> **Required work**
Using the listing below, output only the lines from the one that contains "cite this data" through the one that contains "Wenn [Neuer Empfänger]", inclusive, exactly as given and without images.

> **Dataset records**
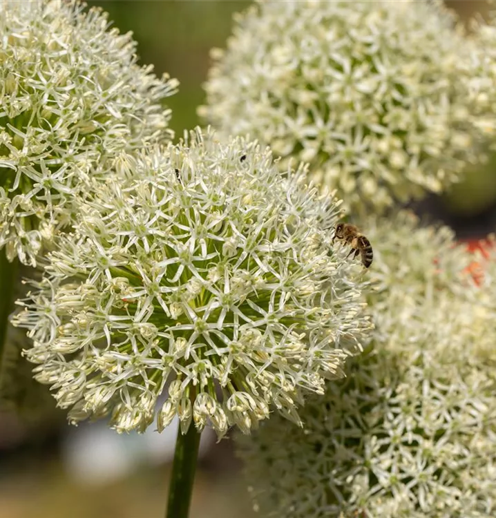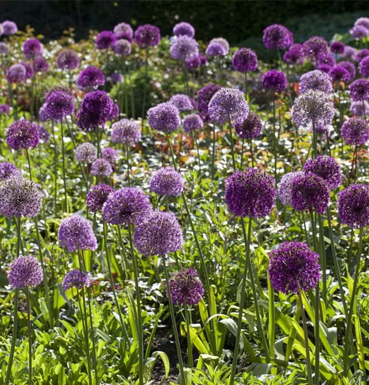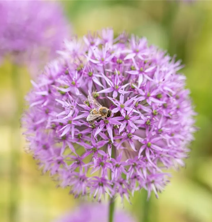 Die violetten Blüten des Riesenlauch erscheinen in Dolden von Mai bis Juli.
---
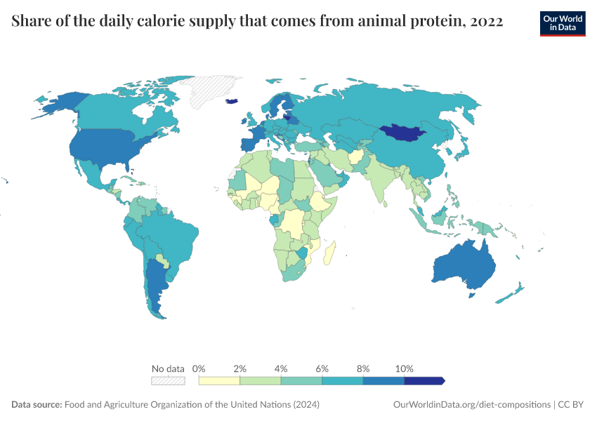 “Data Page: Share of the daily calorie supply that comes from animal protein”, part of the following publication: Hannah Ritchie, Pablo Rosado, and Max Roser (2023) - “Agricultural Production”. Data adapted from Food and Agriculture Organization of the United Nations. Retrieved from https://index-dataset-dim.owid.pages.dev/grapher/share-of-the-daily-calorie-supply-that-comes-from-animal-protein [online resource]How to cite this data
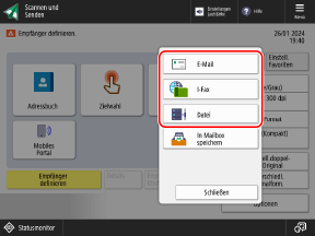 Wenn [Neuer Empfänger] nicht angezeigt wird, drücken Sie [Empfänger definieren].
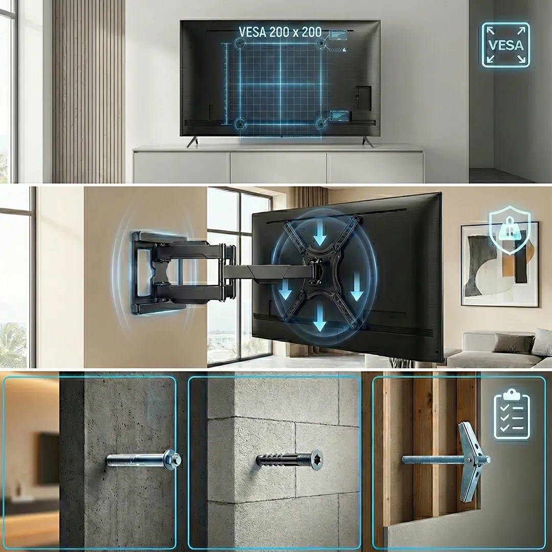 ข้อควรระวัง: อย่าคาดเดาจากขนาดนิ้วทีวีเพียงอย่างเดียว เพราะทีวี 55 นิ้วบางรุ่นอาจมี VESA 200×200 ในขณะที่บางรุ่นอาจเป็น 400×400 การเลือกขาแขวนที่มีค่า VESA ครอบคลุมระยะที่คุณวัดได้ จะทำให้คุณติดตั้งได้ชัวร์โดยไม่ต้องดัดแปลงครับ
...
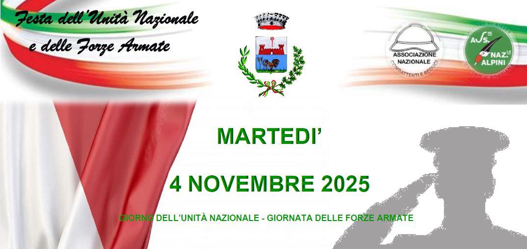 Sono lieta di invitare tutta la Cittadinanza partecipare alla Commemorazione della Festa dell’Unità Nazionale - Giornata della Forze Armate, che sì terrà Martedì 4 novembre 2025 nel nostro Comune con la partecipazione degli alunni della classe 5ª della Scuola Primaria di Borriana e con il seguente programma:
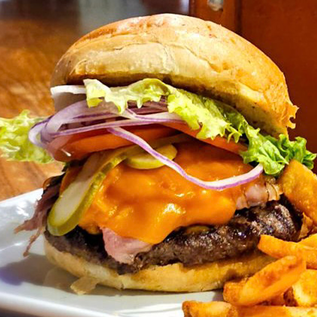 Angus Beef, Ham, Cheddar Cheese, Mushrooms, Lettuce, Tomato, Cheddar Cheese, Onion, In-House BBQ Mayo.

> **Exercise solution**
 “Data Page: Share of the daily calorie supply that comes from animal protein”, part of the following publication: Hannah Ritchie, Pablo Rosado, and Max Roser (2023) - “Agricultural Production”. Data adapted from Food and Agriculture Organization of the United Nations. Retrieved from https://index-dataset-dim.owid.pages.dev/grapher/share-of-the-daily-calorie-supply-that-comes-from-animal-protein [online resource]How to cite this data
 Wenn [Neuer Empfänger] nicht angezeigt wird, drücken Sie [Empfänger definieren].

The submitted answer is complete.